7103_2622@uwovax.uwo.ca (Eric Smith) (02/25/91)

> OK, so it's possible to compile GCC/G++ on the ST if you have the time (:-)
> But is it also possible to compile EMACS ?

Yes.

> And/Or has anyone made an attempt to get emacs running under mint, taking
> advantage of this new environment ?

Someone wrote to me a while back and said he had done this -- he also said
it was very easy to do with the MiNT library (although he didn't define
"very easy" :-). I forget his name, though -- if you see this message and
you have a version of emacs that works under MiNT, please send it to
atari.archive!
-- 
Eric R. Smith                     email:
Dept. of Mathematics            eric.smith@uwo.ca
University of Western Ontario   7103_2622@uwovax.bitnet

gjh@hplb.hpl.hp.com (Graham Higgins) (02/26/91)

++ I really hate that I can't press CTRL-G in emacs (under MGR),


This bit me for a while until I tracked it down --- it is a "feature" of
'vt52.prg'. ^G is defined as an abort character, which causes it to drop out
the whole caboodle. Try recompiling vt52.c in your mgr sources, assigning a
different character to the abort. I am successfully using 'me.tos' inside an
mgr window with something like the following (ksh) function ...

function ved() 
    {
    vt52 me.tos ${1}
    echo '\014'
    }  

Question --- has anyone succeeded in getting mgr to recognise any of the ST
cursor keys, or the HELP/UNDO keys?

I have another question. With a machete, I rejigged 'zmdm' to run under mgr
(removing the screen memory calls and anything else I thought might interfere
with mgr), and it works, but whilst it is connected to the RS232 port,
mgr/mint/kshv4 (something, somewhere in that trio) prevents me both from
opening other windows (can't get a pty) and from doing anything in another
already-existing window (cannot fork, try later).

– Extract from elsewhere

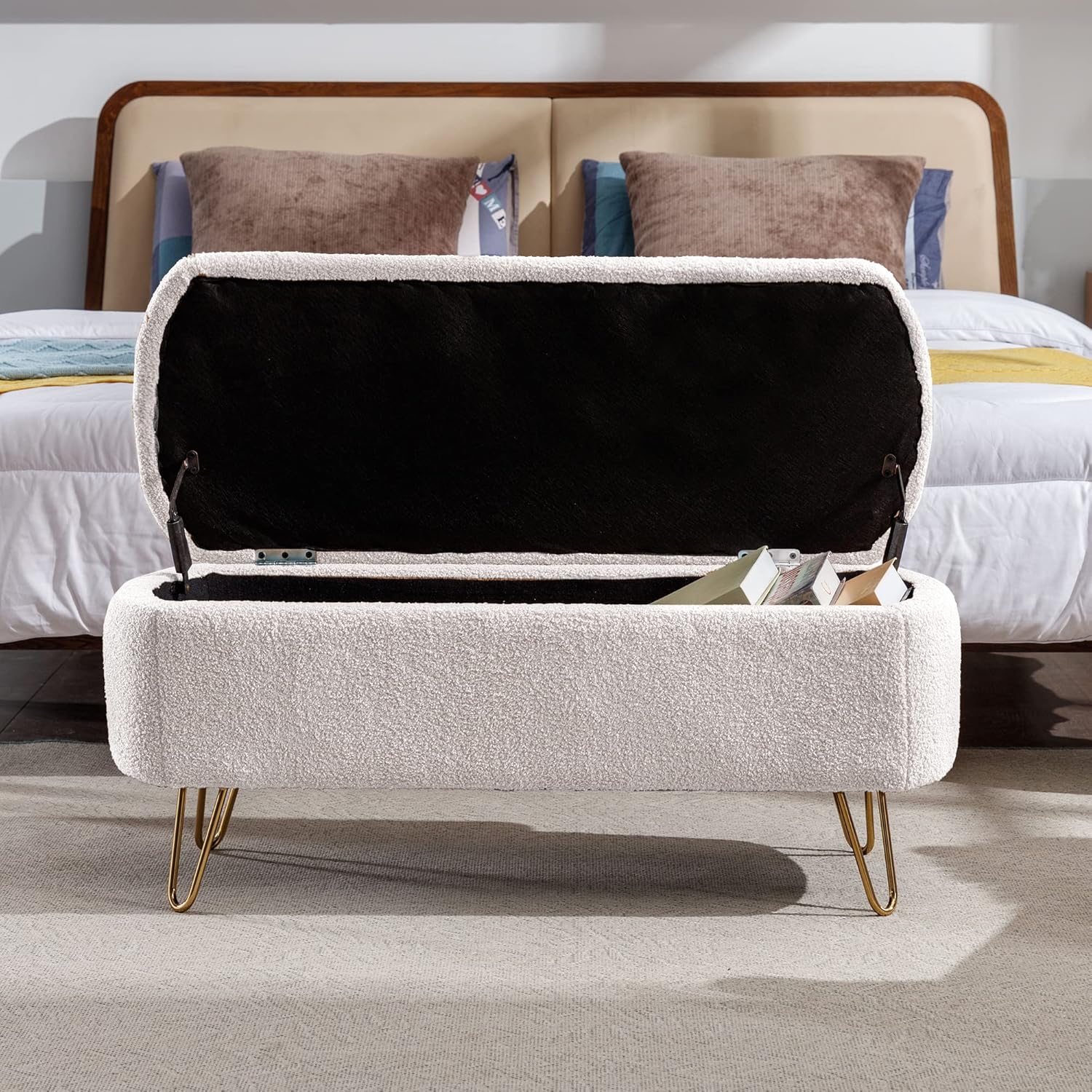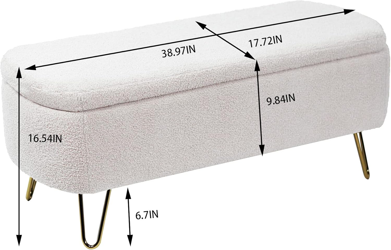 Storage Ottoman for End of Bed with Gold Legs, Modern Faux Fur Entryway Bench,for Living Room,Bedroom,End of Bed,Ivory White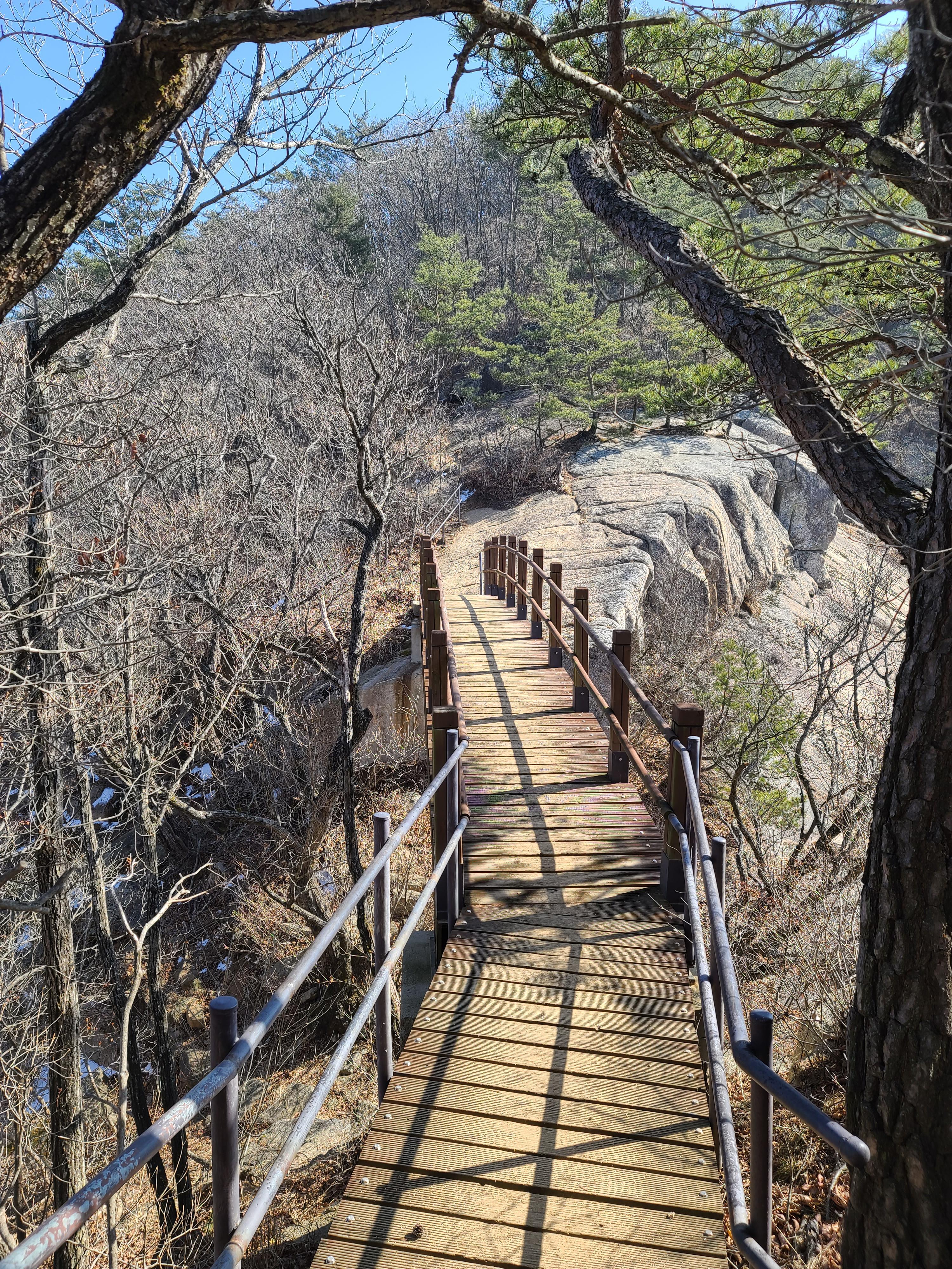 목교를 지나며 마지막 정상을 위한 오름입니다.

Could anyone hazard a guess
as to whether it's something I did to the zmdm code, or whether there's
something else that's biting me. 

I redid the whole thing as an mgr application, using mgr library calls, but I
suspect that m_setup() remaps the ports 'cos I can't get any characters out of
the rs232 port, I wonder if Bconstat(rs232) is actually checking the rs232
port? Bconstat(console) seems to work OK.

Graham
======

------------------------------------------------------------------
Graham Higgins             	|  Phone: (0272) 799910 x 24060
Hewlett-Packard Labs    	|  gjh%ghiggins@hpl.hp.co.uk
Bristol                       	|  gjh%ghiggins@hplb.hpl.hp.com
U.K.                          	|  
------------------------------------------------------------------
Disclaimer: My opinions above are exactly that, mine and opinions.
------------------------------------------------------------------

entropy@ai.mit.edu (entropy) (02/27/91)

In article <GJH.91Feb26102918@ghiggins.hpl.hp.com> gjh@hplb.hpl.hp.com (Graham Higgins) writes:
   I have another question. With a machete, I rejigged 'zmdm' to run under mgr
   (removing the screen memory calls and anything else I thought might interfere
   with mgr), and it works, but whilst it is connected to the RS232 port,
   mgr/mint/kshv4 (something, somewhere in that trio) prevents me both from
   opening other windows (can't get a pty) and from doing anything in another
   already-existing window (cannot fork, try later). Could anyone hazard a guess
   as to whether it's something I did to the zmdm code, or whether there's
   something else that's biting me. 

The problem is zmdm is taking up all of memory.  Use the 'limit'
program distributed with MiNT and it should work OK.  For example:


limit -m 512k zmdm.ttp

By the way, has anyone noticed that certain programs (such as the CPM
emulator) completely ignore 'limit' and snarf all of memory anyway?

entropy

7103_2622@uwovax.uwo.ca (Eric Smith) (03/01/91)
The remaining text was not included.